Our study showed that GA-DM caused remarkable cell death in prostate cancer through multiple mechanisms including p53-dependent and p53-independent apoptotic events. We found that GA-DM-treated cells featured a typical morphology of apoptotic nuclei stained with Hoechst, in which chromatin was condensed and aggregated at the nuclear membrane. GA-DM treatment can also induce a time-dependent surge of active caspase 3, which was pronounced in PC-3 cells but relatively lower in LNCaP cells. Quantitative figures of apoptosis observed in flow cytometric analysis of annexin V/PI-stained preparations confirms that apoptosis is a minor contributor to cell execution by GA-DM. To investigate the potential mechanism by which GA-DM induced apoptosis of human prostate cancer cells, the effect of GA-DM on the expression of apoptosis-related proteins was examined. GA-DM treatment upregulated the expression of Bax and downregulated the expression of Bcl-2, and also increased the active forms of caspase-3 in PC-3 cells. These data suggest that the upregulation of proapoptotic protein Bax may break mitochondrial potential and cause eventual activation of effector caspases and induction of apoptosis of prostate cancer cells.

Analysis of Bcl-2 and Bax proteins following GA-DM treatment suggests that alteration of Bax/Bcl-2 ratios may in part contribute to mitochondrial dysfunction and cell death as reported in other models previously.4749 Interestingly, inhibition of autophagy promoted cell death by GA-DM, but calpain inhibition significantly block the cytotoxic effect of GA-DM in PC-3 cells, suggesting that GA-DM–induced cell death may be largely dependent on ER stress and calpain activation. In this scenario, the induction of ER stress by GA-DM is much more severe in that multiple cell death pathways such as autophagy and apoptosis are activated. However, GA-DM-mediated cell death may also occur following the loss of calcium homeostasis if ER calcium regulation was disrupted.

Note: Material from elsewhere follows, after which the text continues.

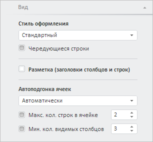 Для выполнения примера необходимо наличие на html-странице компонента WorkbookBox с наименованием «workbookBox» (см. «Пример создания компонента WorkbookBox». Отобразим панель «Вид»: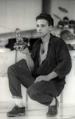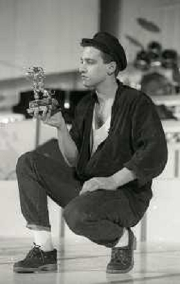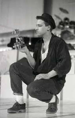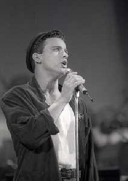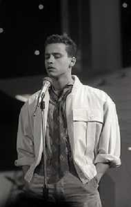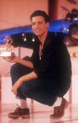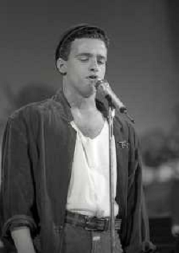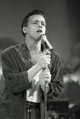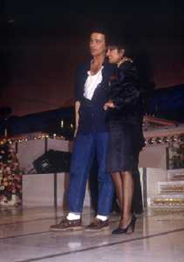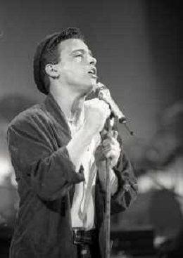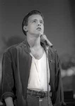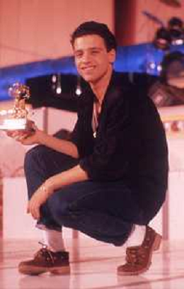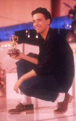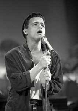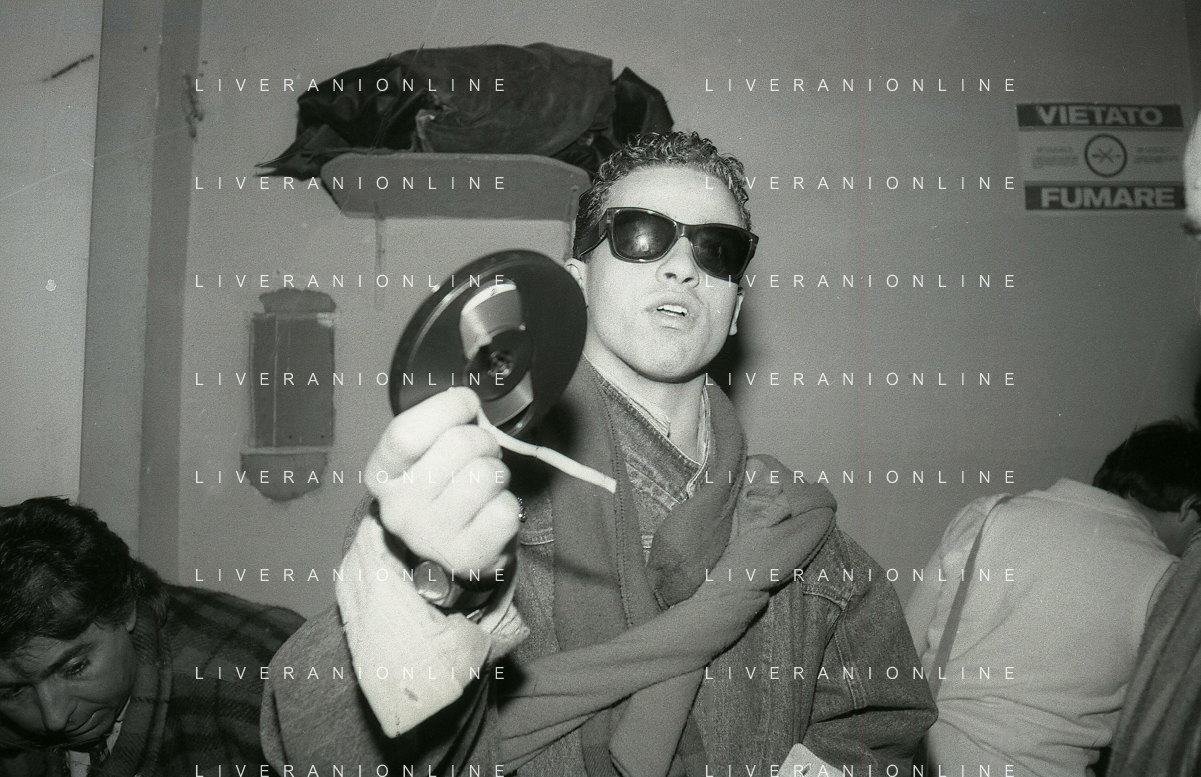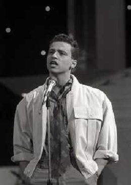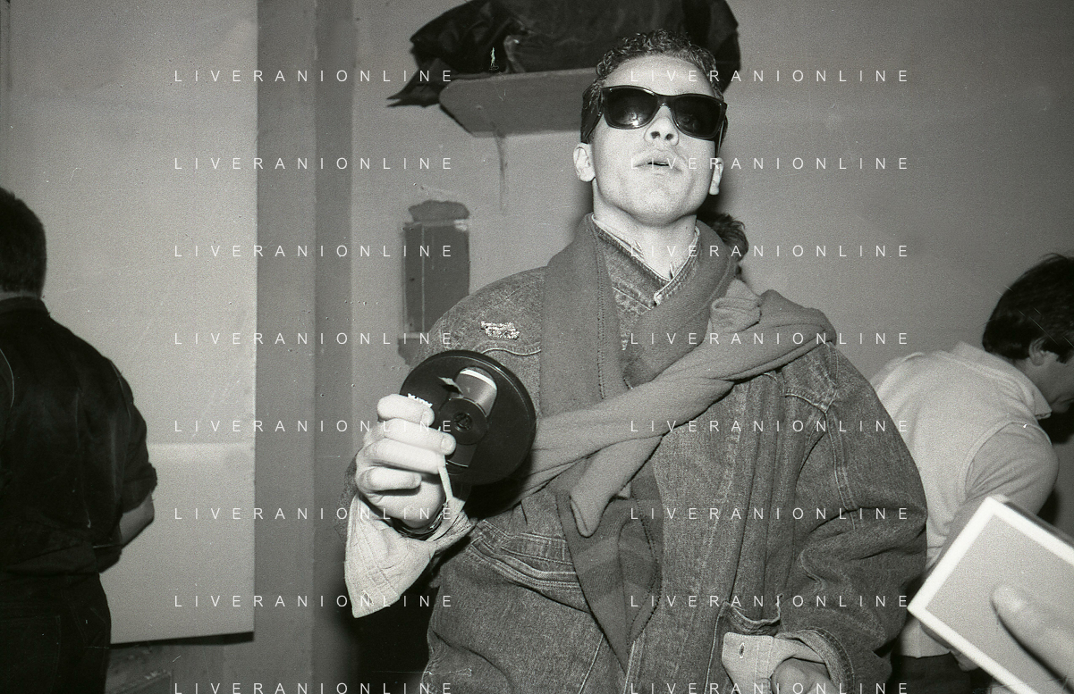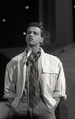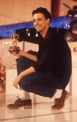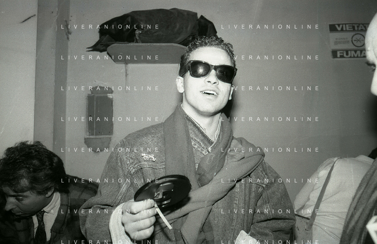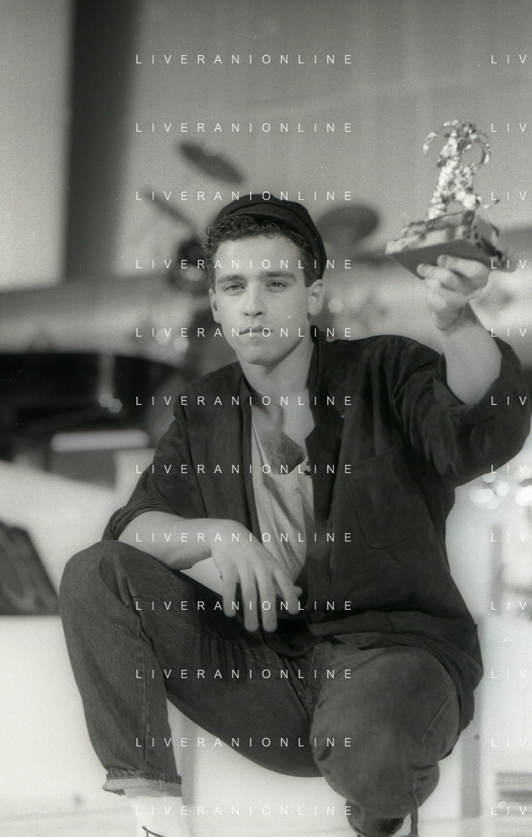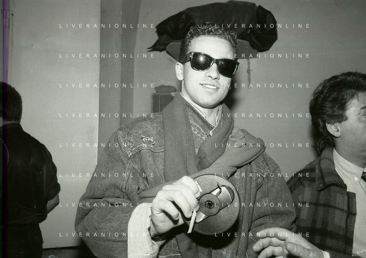 NEG-RETROSPETTIVA EROS RAMAZZOTTI CANTANTE NELLA FOTO EROS RAMAZZOTTI NELL'ANNO 1986 AL FESTIVAL DI SANREMO CON RENZO ARBORE E MARCELLA BELLA AG ALDO LIVERANI SAS

We investigated the induction of toxic autophagy as a cellular mechanism independent of caspases that may contribute to GA-DM–induced cell death. Autophagy can function as a cell survival or a cell death mechanism depending on the type of the stimulus.50,71 We found that treatment with GA-DM upregulated autophagic markers Beclin-1 and Atg5 that are known as Bcl-2-interacting partners in the interplay between apoptosis and autophagy. A possible binding of Beclin-1 to the survival protein Bcl-2 could possibly trigger further apoptotic events similar to the activation of caspase-3 observed in GA-DM-treated PC-3 cells. It has been previously shown that Atg5 activation compromises the Bcl-2′s protective ability.52,77 Further cell cycle progression monitored at 12 and 24 hours posttreatment showed that the cycle was altered by the S phase, with a significant cell cycle arrest at the G2 checkpoint. Induction of autophagy events presumed to drive up antigen processing and presentation via HLA molecules, which was observed in the further initiation of the immune response against malignant tumors.7880 We found that GA-DM treatment caused an upregulation of HLA class II molecules in PC-3, which correlated with enhanced antigen presentation to T cells and immune activation. Treatment of prostate cancer cells with GA-DM markedly induced the formation of autophagosomes, which were documented at the cellular and structural level.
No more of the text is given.